I think about this lately because the fragrance industry has lost a lot of that original joy and wonder for me, so what's at stake in this idea of intelligence seems very minor. In the last several years, the industry has so overblown its concept of self and simultaneously so watered down the real experience of fantasy in the products it releases, that I realize now more than ever I need those personal voices, that sense of idiosyncratic style you find in a humble blogger, more than ever. And often I find myself wishing that the self importance contaminating the blogosphere would give it a rest, or crash into the arrogance of the perfume industry on some highway untraveled by less intelligent people. The problem for me lately has been trying to figure out personally what to write about. I've taken a break from blogging because I don't feel I have much to say. I realize now that I do have a lot to say, but saying less has restored something that had gone missing in perfume, some of that mystery I loved and want back.

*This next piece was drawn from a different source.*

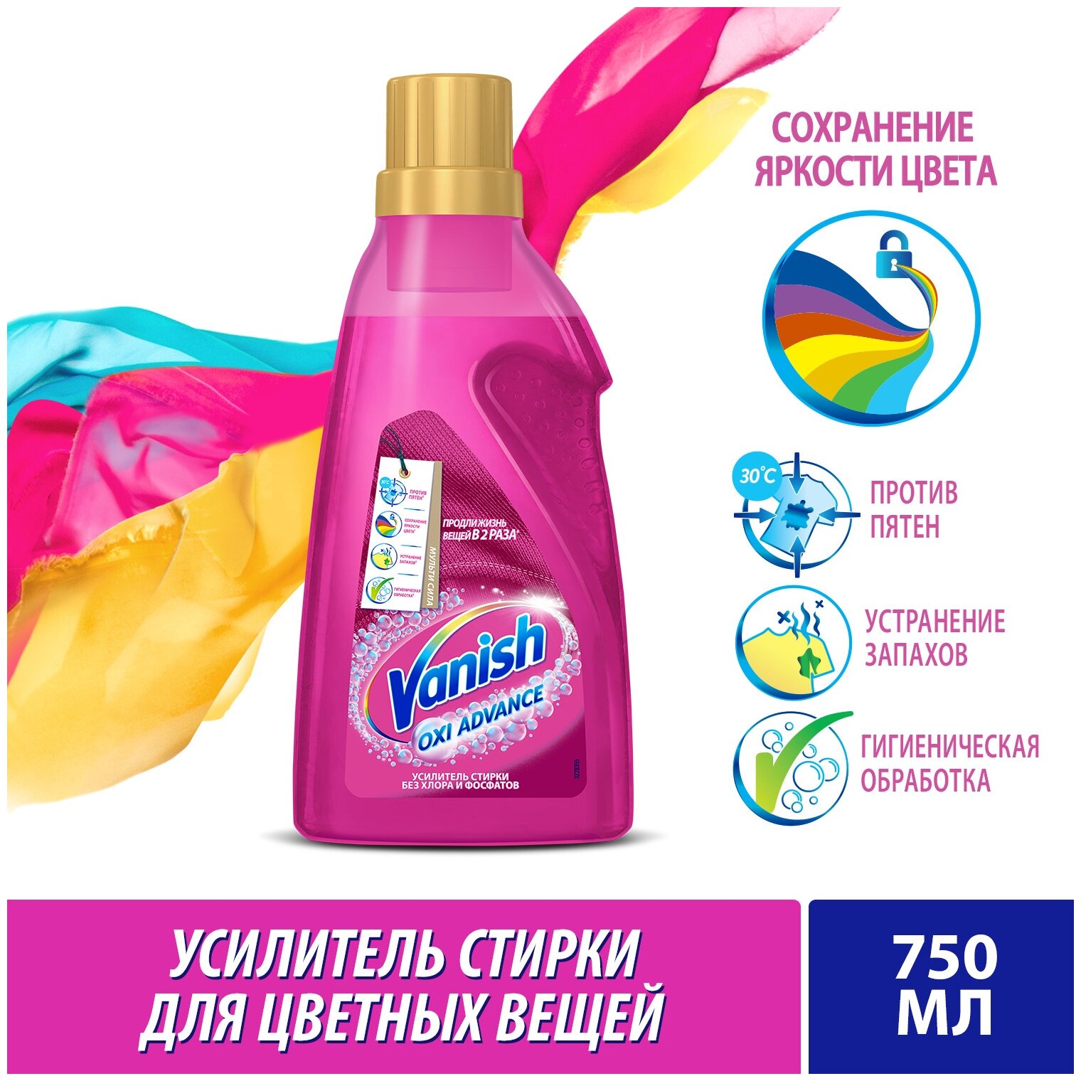 Пятновыводитель Reckitt Benckiser Vanish Oxi Advance Мультисила, гель, для цветных тканей, 750 мл информация: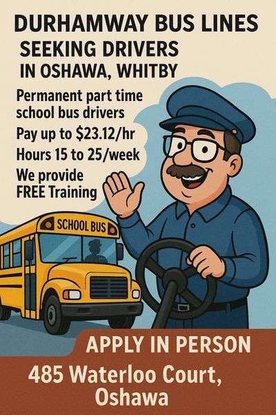 Durhamway Bus Lines: A foundation of service, quality and energetic community-minded people working together to help your children arrive at school safe daily.***Shifts available all year round***Why wait? We will help get you started. Train now! Durhamway is the perfect opportunity for you. AM/PM routes, on-call and spare driver positions are available. Field Trip, Charter and Excursion work is optionally available as well. As a Steady Part-time School Bus Driver, you can earn a steady income supplement without having to work nights, weekends, holidays or school breaks.

Related anecdote: We were filming a movie recently, and for one scene I'd brought a lot of my perfume to the set, filling a large cabinet with it. In the scene, two women sit on the floor before the cabinet. Light from an outdoor swimming pool bounces around them on the walls as they go through the contents of the cabinets, sharing their favorites, trying to put them into words. Filming that scene made me happy. Few of the people on set really understood what it meant to me, the kind of mystery we were exploring. Mostly the crew was men. One of the actresses hadn't seen the cabinet until right before we filmed the scene, and when we walked into the room she was busy talking, until we got to the stash of perfume. Her jaw dropped and she went silent. "I can't talk to you right now," she said, stupefied.
That seemed very smart to me and I look for those moments online in other people's voices.